No trademark protection if… In some situations, the intended trademark can’t be registered, and the owner has no right to stop others from using a similar mark. The most common reasons for this include:
Nonuse (also known as abandonment), which occurs if you stop using a trademark and it appears as if you won’t resume using it,
Using a generic term. This means attempting to use the name of a class of goods. For example, you use the term “Software” as the sole name for your mobile app. In that case, the name won’t be protected because it’s a generic term. (Someone could, however, use generic terms in conjunction with other terms—like Software Lingerie, for example—and not be generic.)

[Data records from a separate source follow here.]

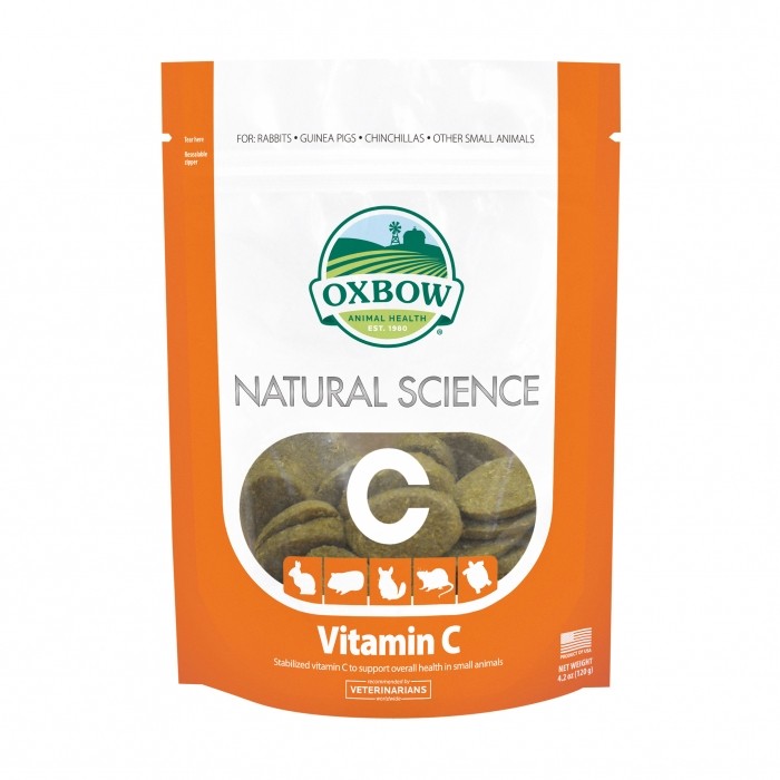Et puis un jour, la marque américaine Oxbow a créé la vitamine C sous forme de comprimés à croquer. Victoire ! Enfin quelque chose de facile à donner aux cochons d’Inde, et que la plupart du temps ils croquent avec délice !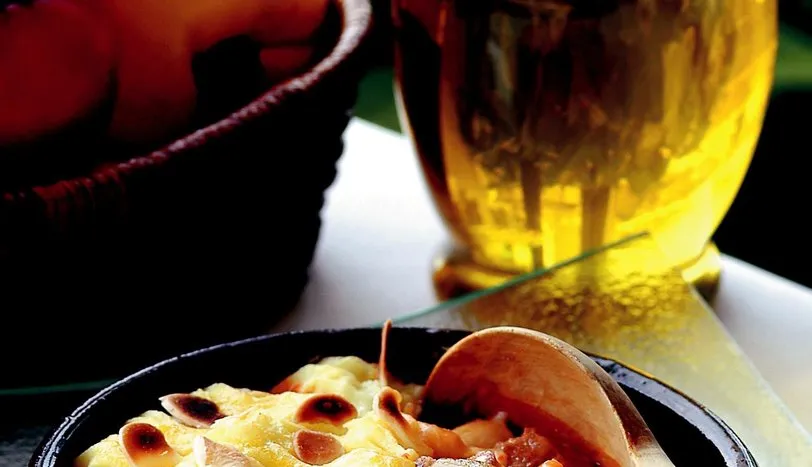 ZEYTİNYAĞI ve tereyağını bir tencereye alıp kızdırın. Kuşbaşı doğranmış etleri tencereye alın. Etler bıraktığı suyu çekip pembe bir renk alıncaya kadar 8-10 dakika kadar kavurun. Yemeklik doğranmış soğanı ekleyip 2 dakika kadar daha kavurun. Dörde bölünmüş mantar, yemeklik doğranmış renkli biber ve domates ekleyip karıştırın. Biber salçasını ekleyip biraz daha kavurduktan sonra un ekleyin. Baharat, tuz ve suyu ekleyip 20-25 dakika kaynatarak pişirin. Kızarmış bademleri tencereye ekleyip karıştırın. Yemeği servis yapılacak güveçlere paylaştırın. Patates püresi için patateslerin kabuklarını soyup küp küp doğrayın. Bir tencereye alıp üzerini geçecek kadar su koyup haşlayın. Suyunu süzüp ezin. Bir tencerede tereyağını eritip patates püresini ekleyin. İyice karıştırdıktan sonra üzerine sıcak süt ve tuz ekleyin. Dibini tutturmamak için karıştırıp tencereyi ocaktan alın. Püreyi sıkma torbasına alın. Güveçlerin üzerini patates püresi ile kaplayın. Üzerine fırçayla yumurta sarısı sürüp badem serpiştirin. Önceden ısıtılmış 200 derece fırında üzeri kızaran kadar pişirin ve sıcak olarak servis yapın.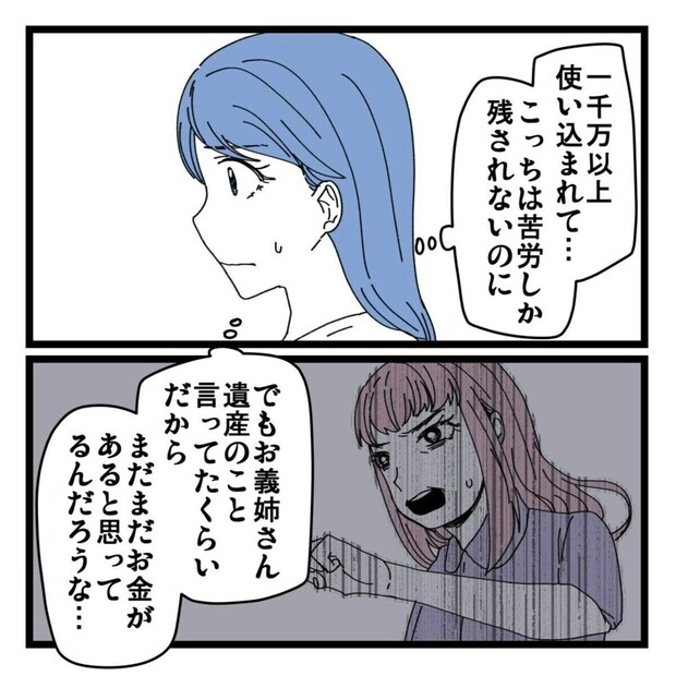 義母に何かあった時、遺産を期待して再び義姉が現れて一悶着があるのではないかと不安に思っているほぺ美さん。この義姉なら十分に有り得る話のように思えますよね。お金に関するトラブルは時に家族をバラバラにしてしまうほど恐ろしいものです。高齢の両親のお金の管理を子どもがするというのはよくあることだと思いますが、こういったトラブルにならないようあらかじめ話し合いをし、1人がお金の管理をすることがないよう気をつけなければいけないのかもしれませんね。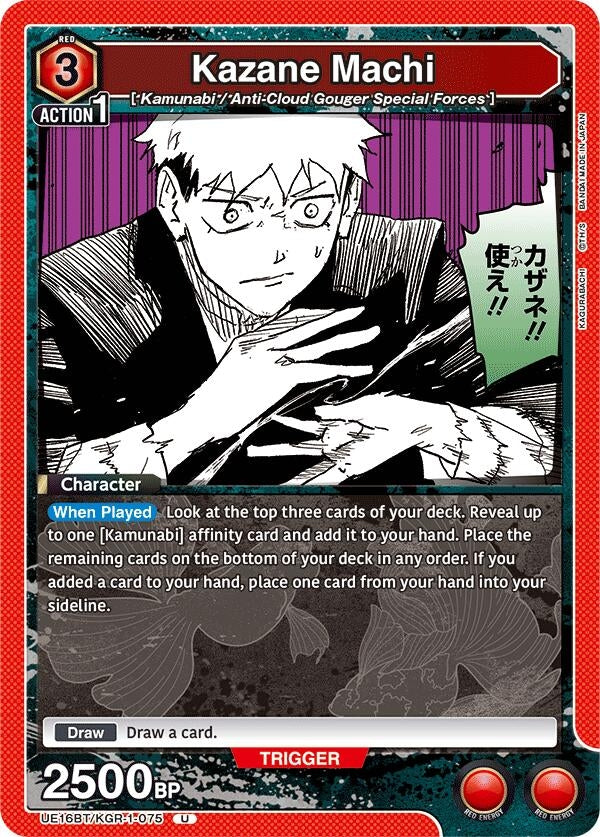 | Description: | [When Played] Look at the top three cards of your deck. Reveal up to one [Kamunabi] affinity card and add it to your hand. Place the remaining cards on the bottom of your deck in any order. If you added a card to your hand, place one card from your hand into your sideline. |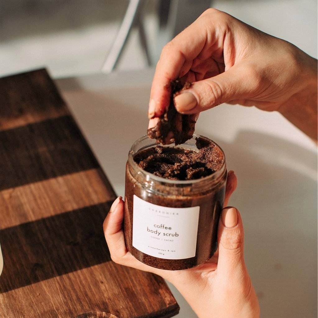 Аромат шоколада и утреннего кофе поднимет настроение и пробудит жизненную энергию. Все, что вам нужно – это пара минут в душе и наш кофейно-шоколадный скраб! Он густой, напитанный маслами, с очень мелкой морской солью. Скраб деликатно очищает кожу, массирует ее и запускает обменные процессы. После скраба не нужно наносить на тело масла или кремы: в его составе масло авокадо, оливы, лаванды, карите и масло какао, – они отлично увлажняют кожу.

Symbols indicating a trademark. Typically, the symbols ®, ™, or are used along with trademarks—as in Tetris®. The ® symbol indicates that a trademark has been registered with the USPTO, which you’ll learn more about in a few pages. It’s illegal to use the ® symbol if the trademark in question hasn’t been registered with the USPTO. You’re not legally required to use the ® symbol, but not using it may limit the amount of damages that you can recover if you sue someone for infringing on your trademark. If you haven’t registered the trademark, you can use the ™ symbol instead. Similarly, the symbol is for service marks that haven’t been registered. The ™ and symbols don’t have any legal significance other than indicating that the owner is claiming trademark rights which may or may not hold up in court.
Tip
Be careful about using your surname as a trademark. There are some advantages to using your own name—you have less chance of infringing on someone else’s trademark and you may have an easier time preserving your rights to a domain name. But you may be surprised to learn that it’s often difficult to register trademarks that use a family name, because the USPTO often considers family names to be weak trademarks. That’s because a family name that’s perceived primarily as a person’s name is descriptive (meaning weak), and therefore can’t be registered on the USPTO’s Principal Register unless the trademark owner can demonstrate secondary meaning—like Newman’s Own or Dell, where consumers associate the name with certain products.